** Task inputs follows **

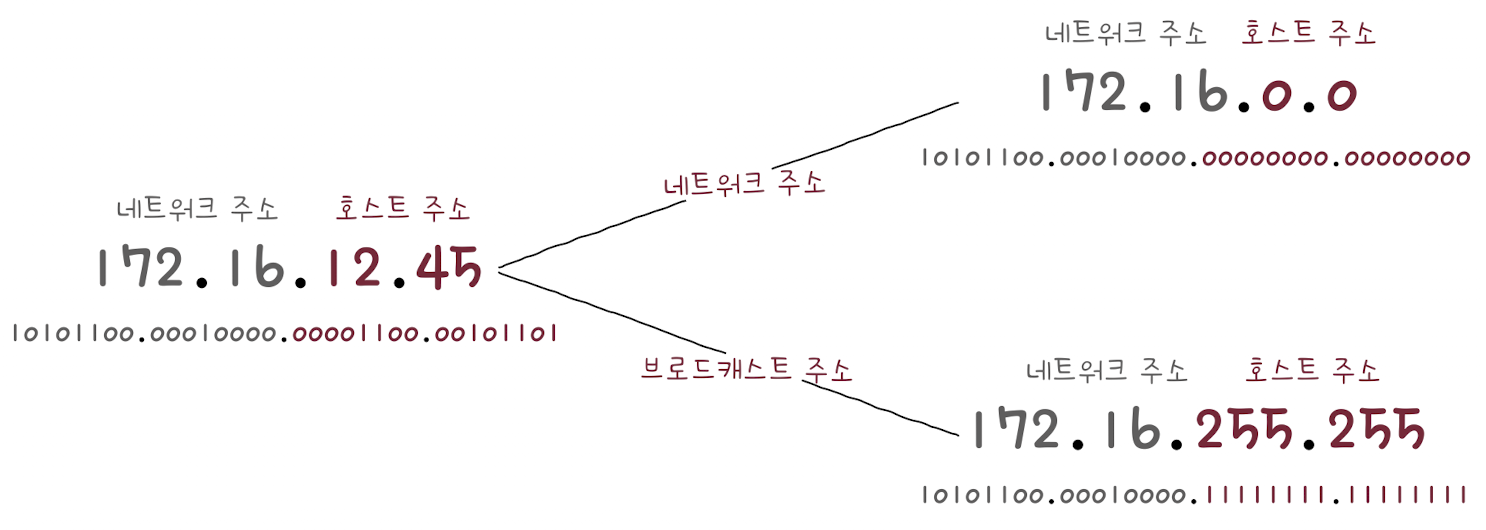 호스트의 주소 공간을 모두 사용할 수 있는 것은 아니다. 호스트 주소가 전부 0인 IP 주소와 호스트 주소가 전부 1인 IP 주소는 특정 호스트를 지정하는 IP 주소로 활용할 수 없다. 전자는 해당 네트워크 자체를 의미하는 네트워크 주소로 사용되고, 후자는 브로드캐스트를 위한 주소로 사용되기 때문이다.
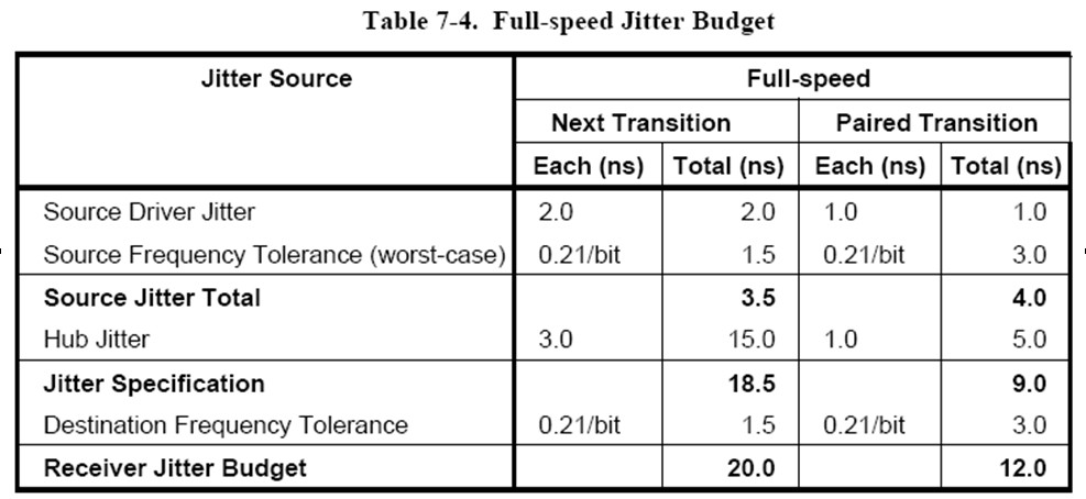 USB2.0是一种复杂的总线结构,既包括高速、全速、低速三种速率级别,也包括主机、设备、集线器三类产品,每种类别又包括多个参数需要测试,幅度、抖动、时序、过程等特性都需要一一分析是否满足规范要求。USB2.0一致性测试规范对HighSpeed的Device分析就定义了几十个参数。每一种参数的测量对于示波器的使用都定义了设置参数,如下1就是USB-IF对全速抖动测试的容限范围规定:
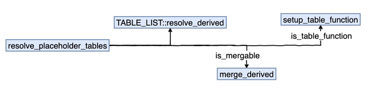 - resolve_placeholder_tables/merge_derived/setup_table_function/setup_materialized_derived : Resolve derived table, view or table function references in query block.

** End of Task inputs **
** Task inputs follows **

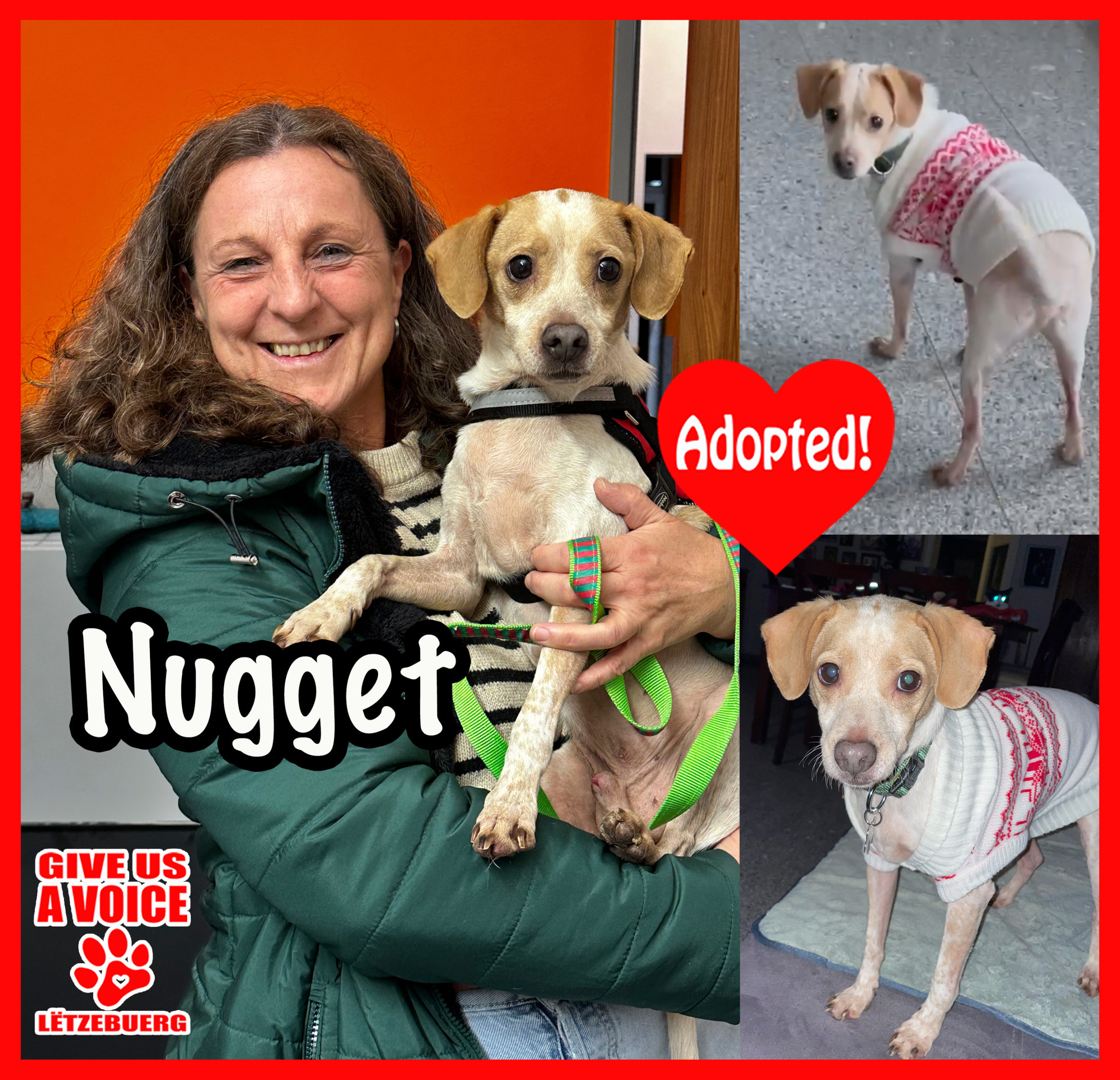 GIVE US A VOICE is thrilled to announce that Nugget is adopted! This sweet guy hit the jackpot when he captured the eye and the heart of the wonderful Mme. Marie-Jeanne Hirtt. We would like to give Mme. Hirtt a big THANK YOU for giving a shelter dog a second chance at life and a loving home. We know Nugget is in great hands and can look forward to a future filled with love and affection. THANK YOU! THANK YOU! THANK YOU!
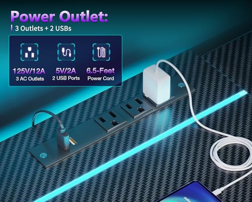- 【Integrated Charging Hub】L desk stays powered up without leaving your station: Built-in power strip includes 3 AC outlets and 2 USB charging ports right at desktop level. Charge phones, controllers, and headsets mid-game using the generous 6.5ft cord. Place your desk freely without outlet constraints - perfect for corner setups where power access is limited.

** End of Task inputs **
** Task inputs follows **

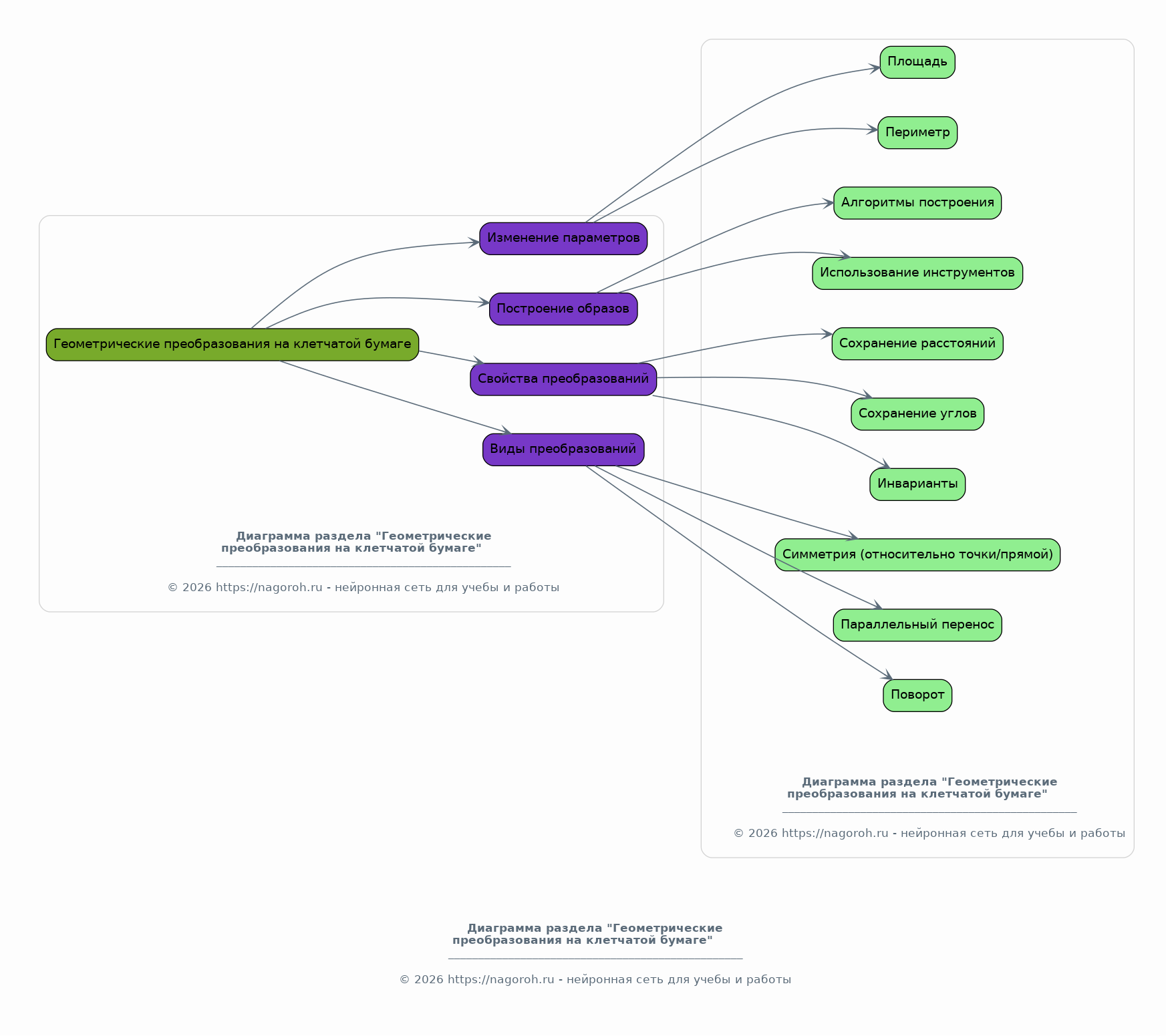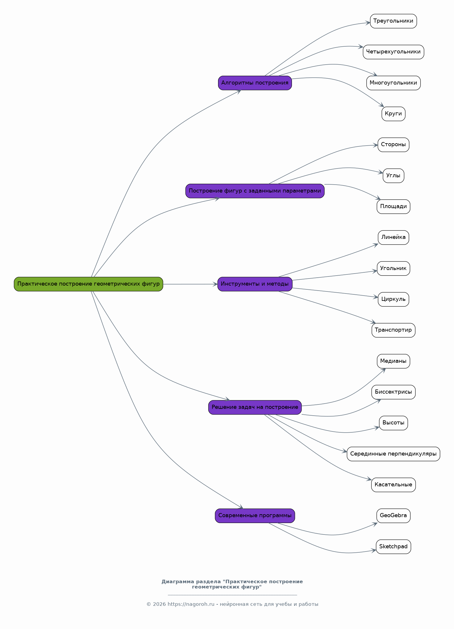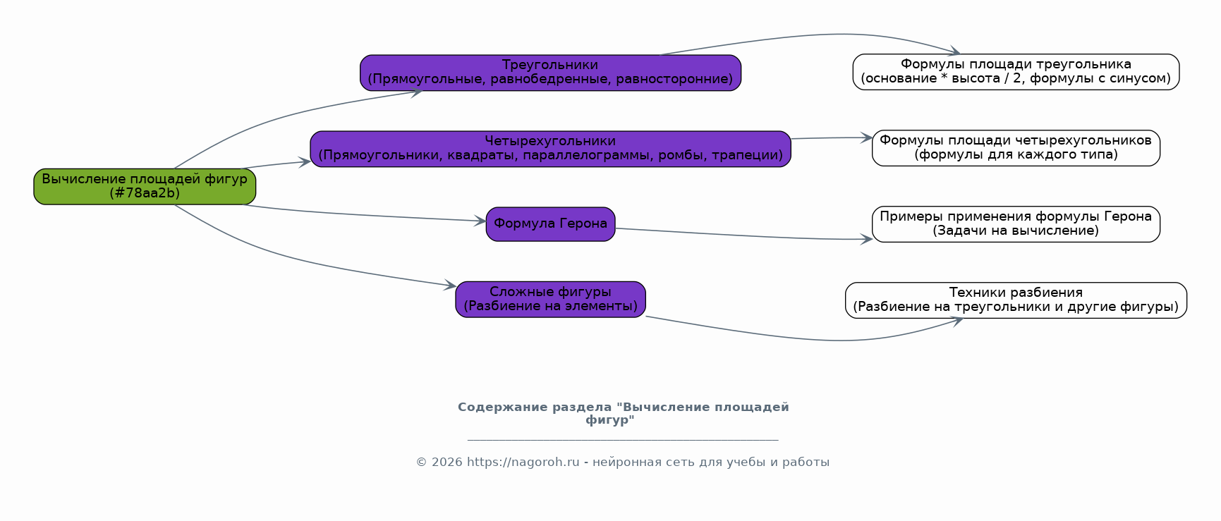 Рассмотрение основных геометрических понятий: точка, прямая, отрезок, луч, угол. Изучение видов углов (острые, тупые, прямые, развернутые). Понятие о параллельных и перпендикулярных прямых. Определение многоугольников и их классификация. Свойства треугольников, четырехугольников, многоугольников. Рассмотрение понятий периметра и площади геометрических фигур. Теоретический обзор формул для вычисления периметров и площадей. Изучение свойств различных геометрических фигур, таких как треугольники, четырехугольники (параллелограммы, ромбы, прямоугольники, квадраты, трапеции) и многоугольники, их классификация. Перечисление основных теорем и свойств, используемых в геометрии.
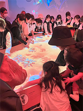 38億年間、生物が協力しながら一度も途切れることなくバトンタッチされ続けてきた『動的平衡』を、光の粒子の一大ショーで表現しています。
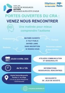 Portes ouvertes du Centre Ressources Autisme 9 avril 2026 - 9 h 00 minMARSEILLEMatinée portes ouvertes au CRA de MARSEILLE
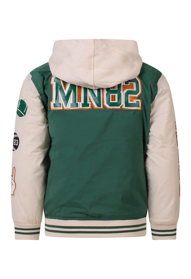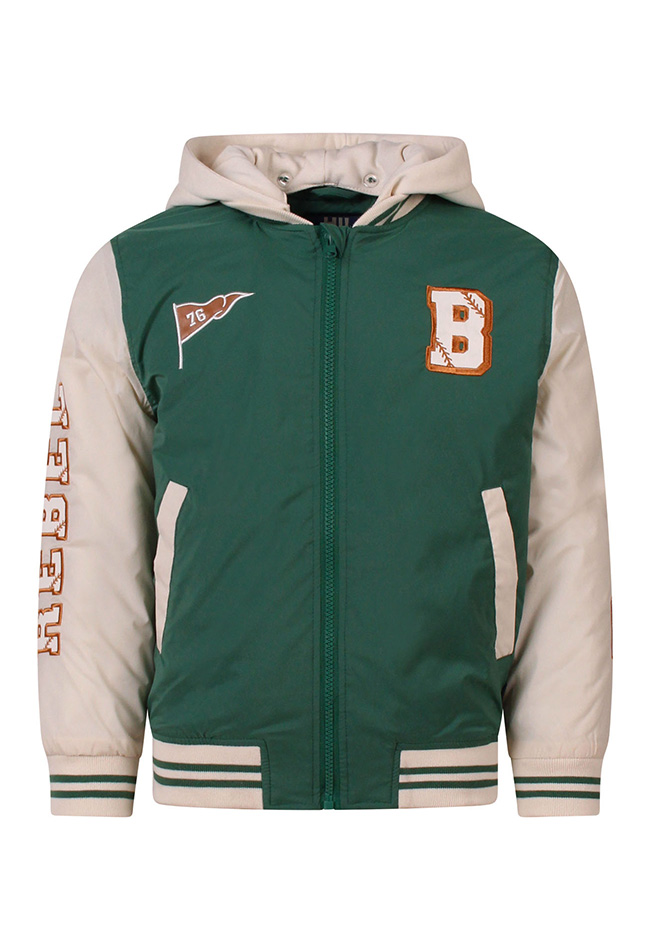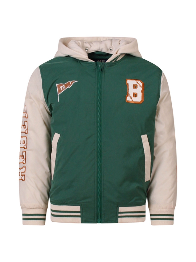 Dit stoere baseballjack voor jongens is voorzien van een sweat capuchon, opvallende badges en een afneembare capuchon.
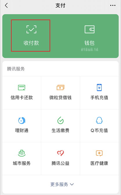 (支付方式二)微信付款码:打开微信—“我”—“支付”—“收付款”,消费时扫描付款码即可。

** End of Task inputs **

* _Problem requirements_: The lines to copy exactly start with the line above that has "Dit stoere baseballjack" and go on through the line that has "(支付方式二)微信付款码:打"; please include both, add nothing else, and omit the pictures.

* _Your response_:
 Dit stoere baseballjack voor jongens is voorzien van een sweat capuchon, opvallende badges en een afneembare capuchon.
 (支付方式二)微信付款码:打开微信—“我”—“支付”—“收付款”,消费时扫描付款码即可。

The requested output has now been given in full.